”Kami memperkirakan akan ada krisis keuangan. Ini akan muncul lewat krisis utang negara, krisis perbankan, dan krisis mata uang,” kata para penulis.
Oleh
SIMON P SARAGIH S
·4 menit baca
WASHINGTON, RABU — Bank Sentral Amerika Serikat kembali menaikkan suku bunga sebesar 0,25 persen. Dengan demikian, suku bunga inti berada pada rentang 4,5 persen hingga 4,75 persen dan tertinggi sejak 2007. Kenaikan suku bunga berpotensi berlanjut sebab inflasi masih tinggi. Efek kenaikan suku bunga di AS ini juga berpotensi memperluas krisis utang dan mata uang di negara-negara berkembang.
”Inflasi sudah mereda tetapi belum sesuai harapan. Maka dari itu, kita tidak boleh lengah,” kata Gubernur Bank Sentral AS (The Fed) Jerome Powell dalam jumpa pers di Washington, Rabu (1/2/2023). Penurunan inflasi adalah tujuan utama karena inflasi tidak baik bagi siapa pun, kata Powell.
AS sudah mengalami penurunan inflasi dari puncaknya sebesar 9,1 persen pada Juni 2022 menjadi 7,1 persen pada November. Pada Desember 2022, inflasi di AS diperkirakan akan menurun menjadi 6,5 persen. Penyebab utama kenaikan inflasi di AS adalah stimulus ekonomi besar-besaran di era Presiden Donald Trump hingga Presiden Joe Biden saat ini.
Ada total 9 triliun dollar AS stimulus yang dikucurkan sejak 2020 terutama karena pandemi Covid-19. Ini mirip taburan uang dari helikopter, yang sudah diperkirakan oleh ekonom AS, Nouriel Roubini, pada 2020 akan memunculkan tekanan inflasi.
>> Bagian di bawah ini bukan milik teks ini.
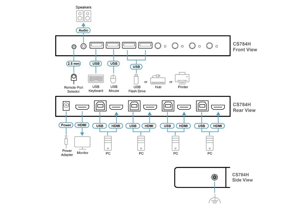 The CS784H is a 4-port desktop KVM switch designed for those who demand a streamlined workflow and uncompromising visual quality across multiple systems. It enables fast, reliable switching between four HDMI computers with up to 4K DCI resolution, while sharing a single keyboard, monitor, mouse, audio output, and USB peripherals through one KVM console. With multiple switching methods “ including pushbuttons, hotkeys, and a remote port selector “ the CS784H is the perfect companion for desktop setups in offices, content creation, remote work, design, and more.
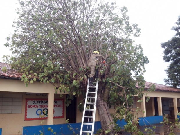 Bombeiros Militares retiram árvore caída em telhado de escola em São Luís de Montes Belos
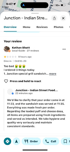 .............. Calling a factual review āfakeā doesnāt make it disappear. You were slow, rude, and unprepared ā thatās the reality. Instead of attacking customers, maybe fix the prep times and staff behavior. Honest feedback is meant to improve your business, not to insult people who point out your mistakes
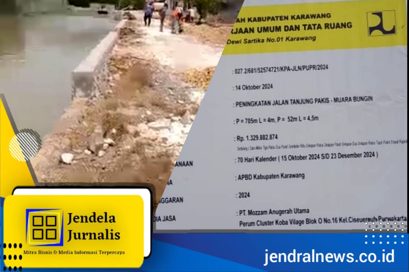 Diketahui, proyek yang berlokasi di Dusun Bungin. RT. 04/02, Desa Tanjungpakis, Kecamatan Pakisjaya, Karawang, Jawa barat tersebut dikerjakan oleh PT. Mozzam Anugrah Utama, dengan judul “PENINGKATAN JALAN TANJUNG PAKIS – MUARA BUNGIN” dengan volume P = 705 M, L = 4 M, P = 52 M, L = 4.5 M, dengan nilai anggaran sebesar Rp. 1.329.882.874,00,- (satu miliar tiga ratus dua puluh sembilan juta delapan ratus delapan puluh dua ribu delapan ratus tujuh puluh empat rupiah) yang bersumber dari APBD Kabupaten Karawang TA 2024.
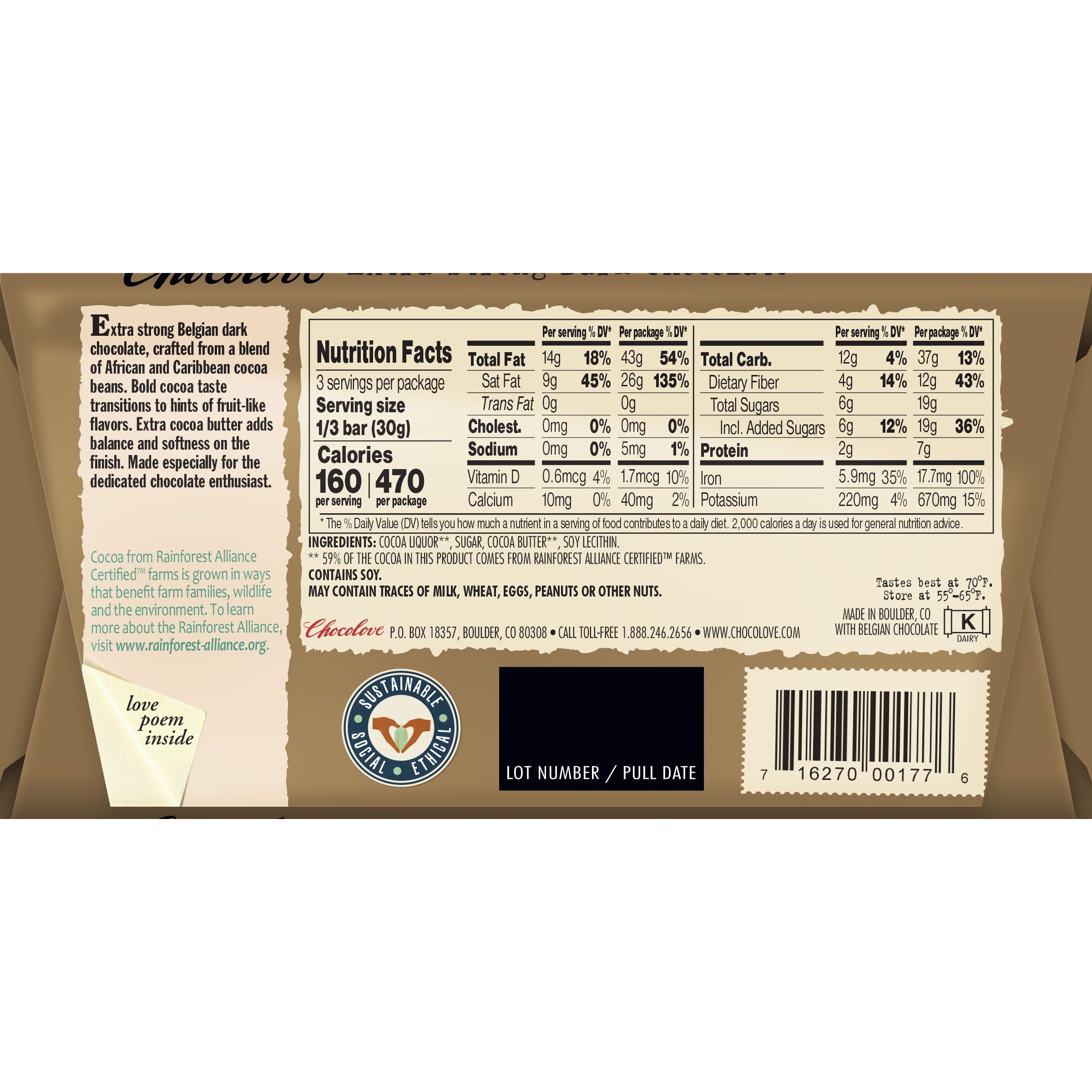 This chocolate bar, with its 77% cocoa content, is one of the strongest chocolate bars made for eating. Especially for the dedicated chocolate enthusiast, it has been crafted to deliver intense cocoa flavor while keeping bitterness and acidity in check. This artful blend of Belgian and French chocolates is made from African and South American cocoa beans.

Uang beredar yang bertambah tanpa penambahan output dengan sendirinya akan menaikkan inflasi.
Oleh karena itu, Powell mengatakan, penurunan inflasi tetap menjadi fokus hingga inflasi bisa kembali mencapai 2 persen. Sikap Fed soal penurunan suku bunga terlihat kuat. Ini berbeda dengan sikap pada 2022 saat Powell dan Menteri Keuangan AS Janet Yellen menganggap tekanan inflasi hanya bersikap sementara.
Ekonomi menurun
Powell mengatakan, efek kenaikan suku bunga sudah terasa di pasar, termasuk melemahkan permintaan. Pertumbuhan ekonomi AS pada 2022, dia katakan, tumbuh 1 persen sebagai akibat kenaikan suku bunga sepanjang tahun tersebut. Kemungkinan ekonomi AS juga akan menurun pada 2023, tetapi Powell melihat pertumbuhan akan tetap pada angka positif.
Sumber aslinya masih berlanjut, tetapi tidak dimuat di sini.